■ Data provided ■
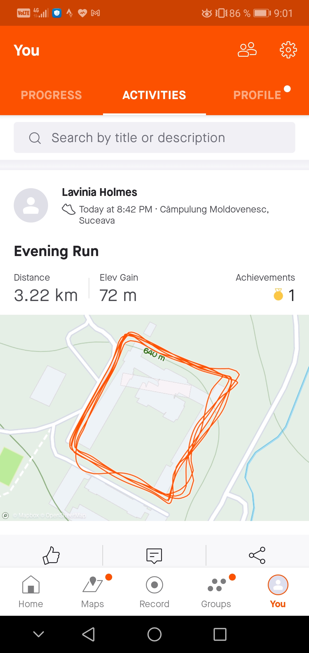 Încarcă o poză din aplicația pe care o folosești pentru a îți monitoriza activitatea sportivă
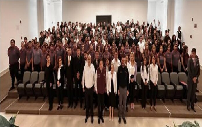 Junto a la directora académica, Jesica Anid Ramos Cruz y el secretario técnico, Juan Carlos Cisneros, el titular de la SSPT, exhortó a las y los estudiantes para contribuir a mejorar las condiciones de las instituciones de seguridad.
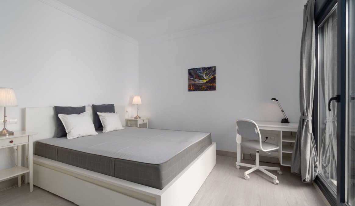 The property is sold fully furnished, including quality features such as laminated wood flooring in the bedrooms, built-in wardrobes, Mitsubishi inverter air conditioning, mosquito screens, electric metal shutters, and a water filtration system for drinking water.
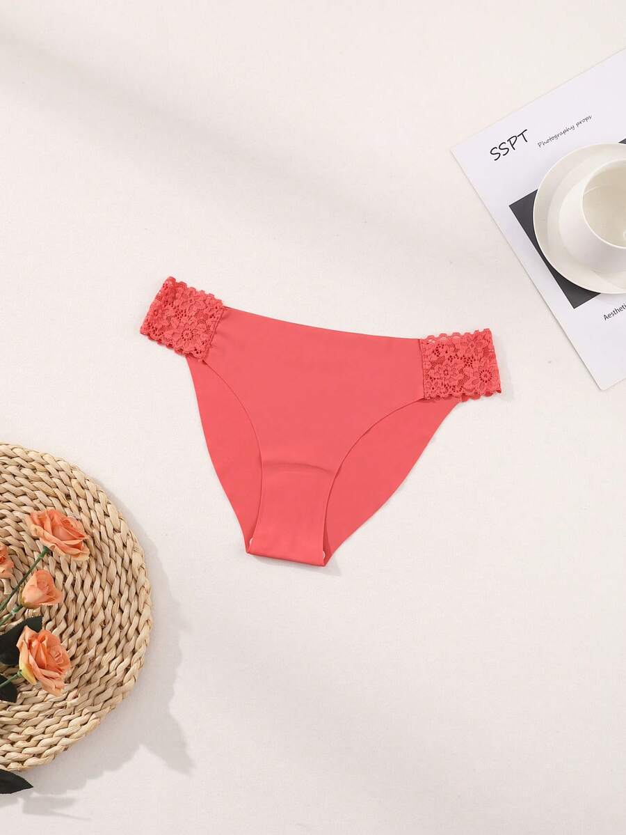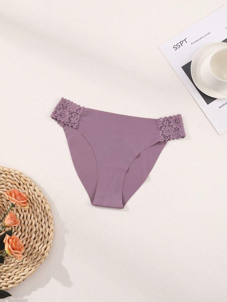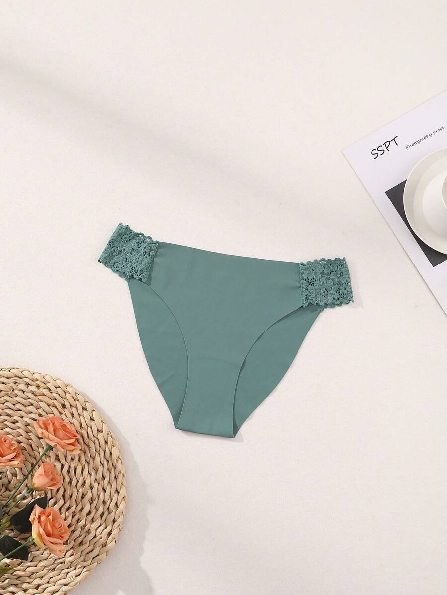 8 piezas de bragas comodas y sin costuras, con encaje y seda de leche, de unicolor, lenceria sexy y romantica para mujeres
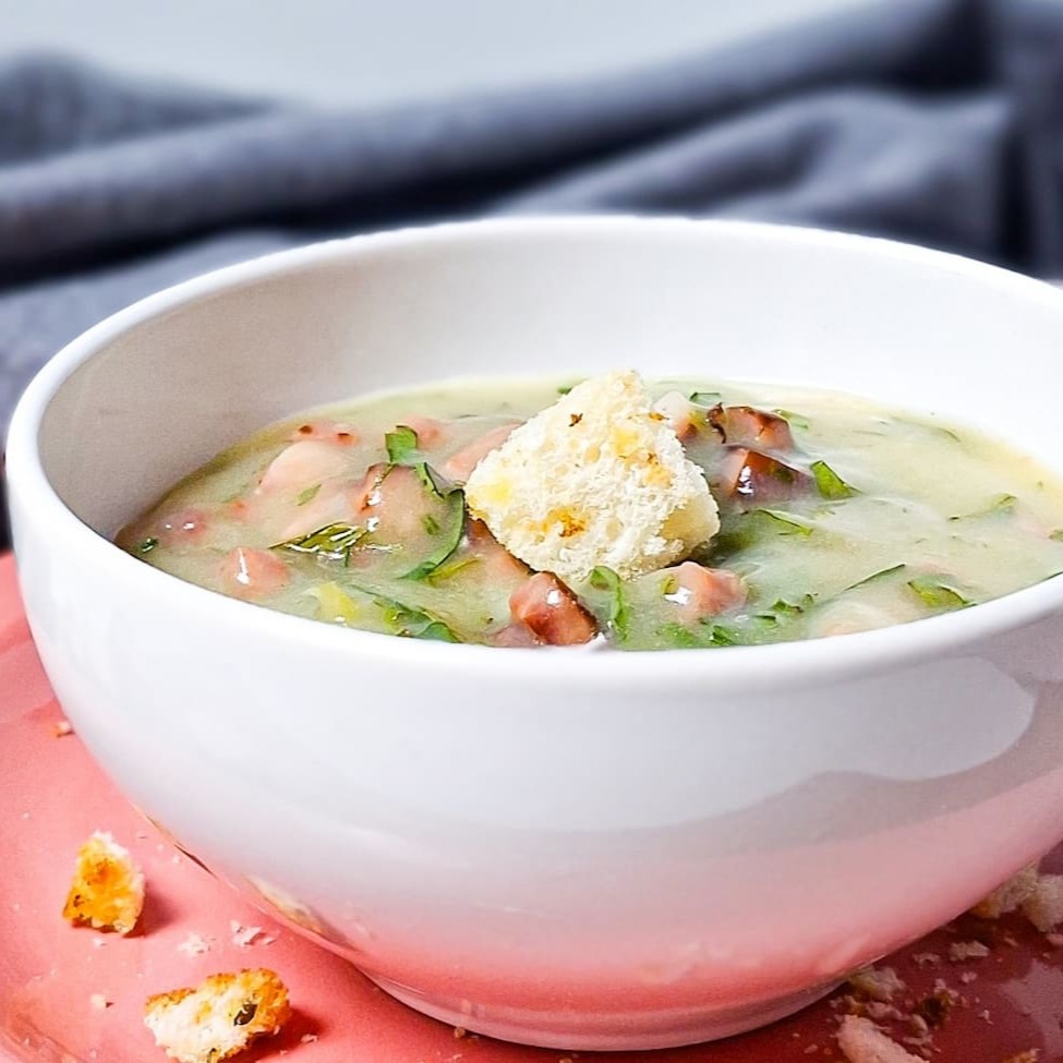 Caldo verde cremoso feito com batatas e couve na manteiga com linguicinha.
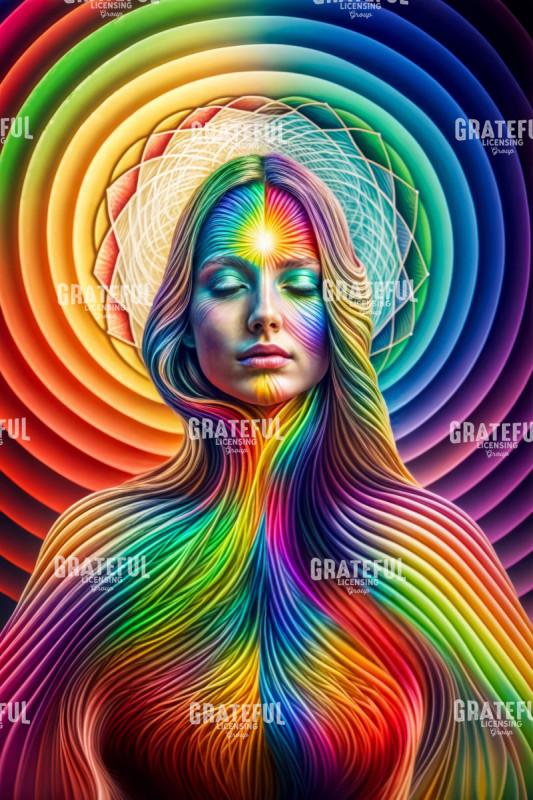 Tags: awakening, colorful, halo, psychedelic, rainbow, sacred geometry, trippy, vibration, woman
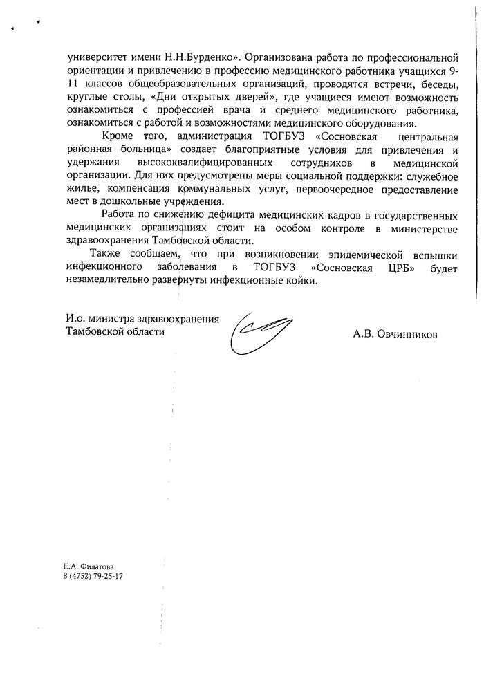 Сосновская ЦРБ Тамбовской области укомплектована врачами на 59%. Инфекционное отделение не работает с начала года, потому что нет врачей. Родильное отделение ликвидировано несколько лет назад. Программа государственных гарантий бесплатного оказания населению Тамбовской области медицинской помощи не выполняется. МРТ пришлось ждать более месяца, вместо положенных 14 рабочих дней (согласно программе гарантий по Тамбовской области). Массажа пришлось ждать 2 недели. Уколы выписали спустя почти 3 месяца. Весь процесс проходил С 9 августа По 20 октября.
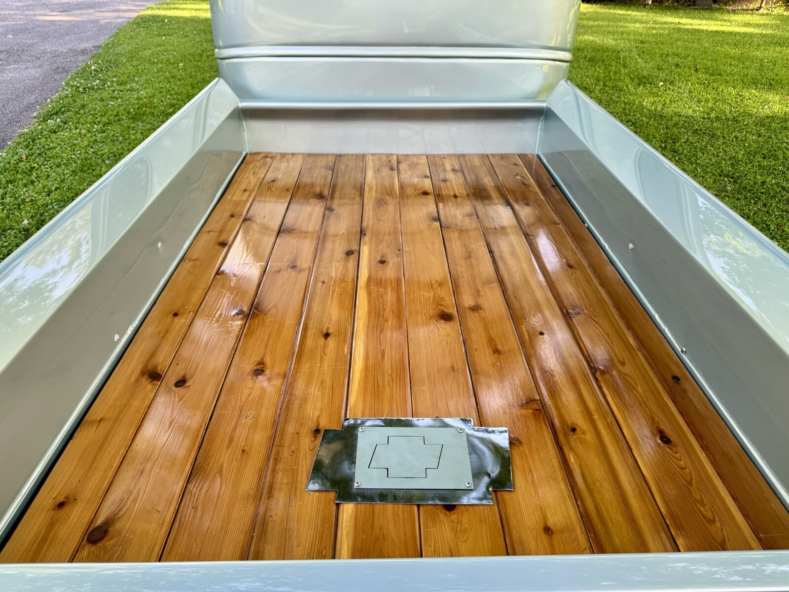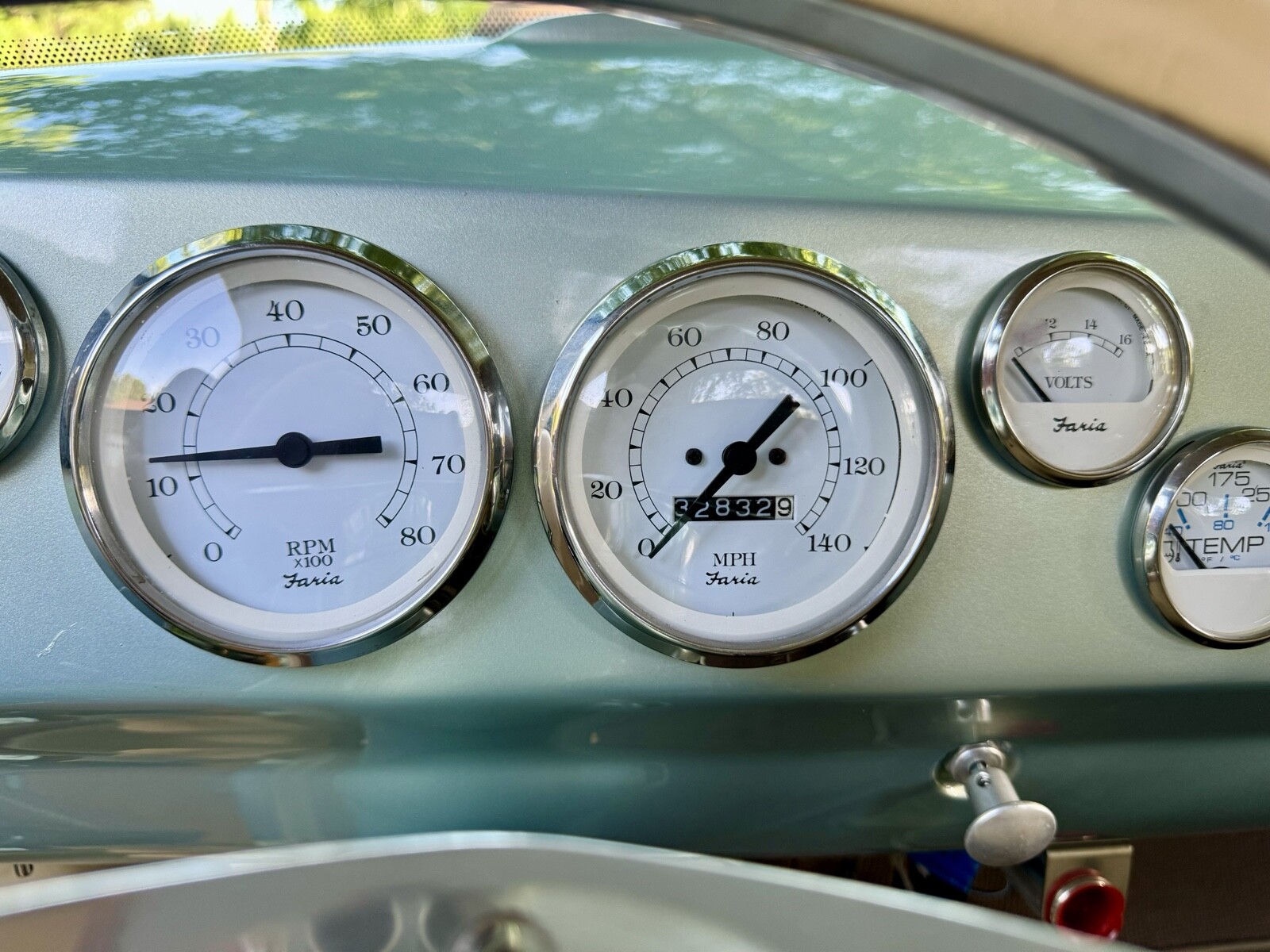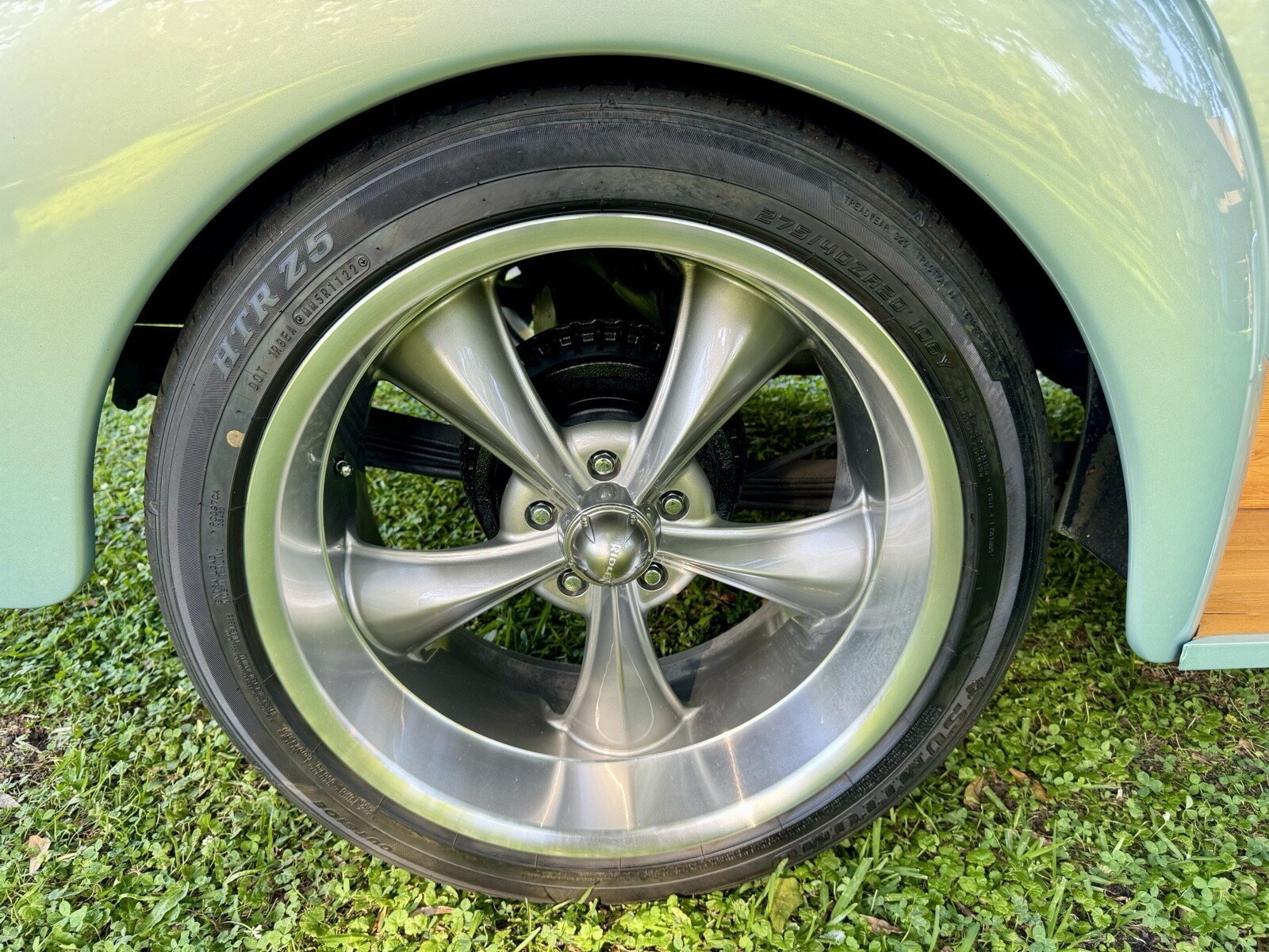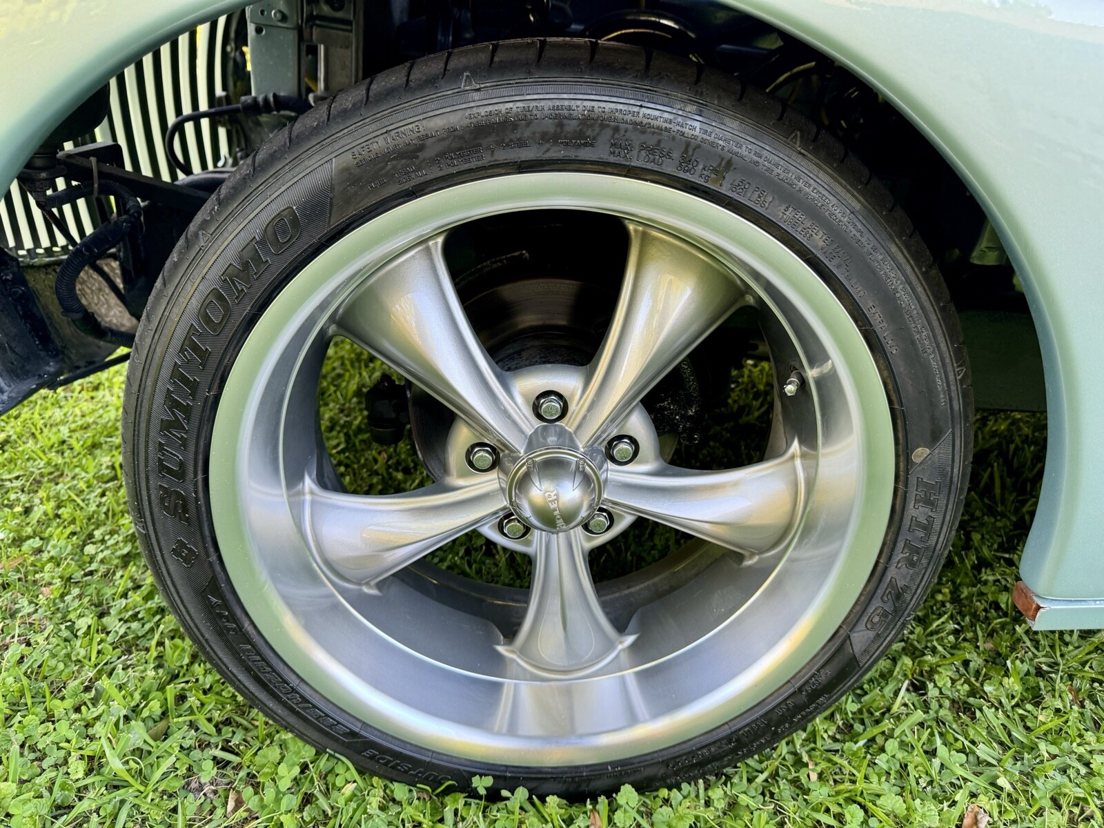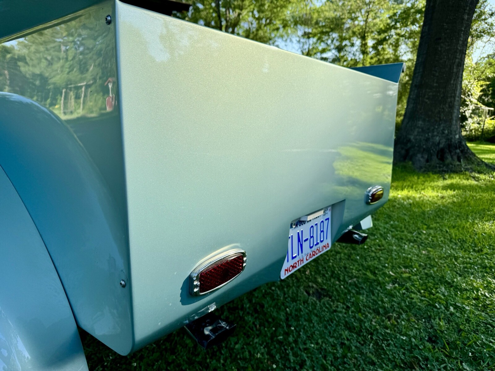 Where do I start? Check out this 1946 Chevrolet custom streetrod pickup. It is powered by a Chevrolet 350 with a 350 transmission that runs great. It is equipped with power steering, power brakes, and power windows. This truck sits on the original frame with a Camaro subframe. The beautiful sea/green/teal color exterior is in great shape and shines beautifully in the sun! This truck is a headturner for sure! 235/40/18 Ridler wheels in the front and 275/40/20s in the rear. The door handles have been shaved creating a smooth streamlined exterior. The wood-grain in the bed and on the running boards is in excellent shape! Custom Chevrolet bowtie headlight openings have been added as well as on the hood to give it a unique look. The tan leather seat is in great shape as well as the headliner and carpet. This custom truck would make a great addition to someone’s collection.

■ Problem to work on ■
Excluding all images, transcribe the material word for word.

■ Exercise result ■
 Încarcă o poză din aplicația pe care o folosești pentru a îți monitoriza activitatea sportivă
 Junto a la directora académica, Jesica Anid Ramos Cruz y el secretario técnico, Juan Carlos Cisneros, el titular de la SSPT, exhortó a las y los estudiantes para contribuir a mejorar las condiciones de las instituciones de seguridad.
 The property is sold fully furnished, including quality features such as laminated wood flooring in the bedrooms, built-in wardrobes, Mitsubishi inverter air conditioning, mosquito screens, electric metal shutters, and a water filtration system for drinking water.
 8 piezas de bragas comodas y sin costuras, con encaje y seda de leche, de unicolor, lenceria sexy y romantica para mujeres
 Caldo verde cremoso feito com batatas e couve na manteiga com linguicinha.
 Tags: awakening, colorful, halo, psychedelic, rainbow, sacred geometry, trippy, vibration, woman
 Сосновская ЦРБ Тамбовской области укомплектована врачами на 59%. Инфекционное отделение не работает с начала года, потому что нет врачей. Родильное отделение ликвидировано несколько лет назад. Программа государственных гарантий бесплатного оказания населению Тамбовской области медицинской помощи не выполняется. МРТ пришлось ждать более месяца, вместо положенных 14 рабочих дней (согласно программе гарантий по Тамбовской области). Массажа пришлось ждать 2 недели. Уколы выписали спустя почти 3 месяца. Весь процесс проходил С 9 августа По 20 октября.
 Where do I start? Check out this 1946 Chevrolet custom streetrod pickup. It is powered by a Chevrolet 350 with a 350 transmission that runs great. It is equipped with power steering, power brakes, and power windows. This truck sits on the original frame with a Camaro subframe. The beautiful sea/green/teal color exterior is in great shape and shines beautifully in the sun! This truck is a headturner for sure! 235/40/18 Ridler wheels in the front and 275/40/20s in the rear. The door handles have been shaved creating a smooth streamlined exterior. The wood-grain in the bed and on the running boards is in excellent shape! Custom Chevrolet bowtie headlight openings have been added as well as on the hood to give it a unique look. The tan leather seat is in great shape as well as the headliner and carpet. This custom truck would make a great addition to someone’s collection.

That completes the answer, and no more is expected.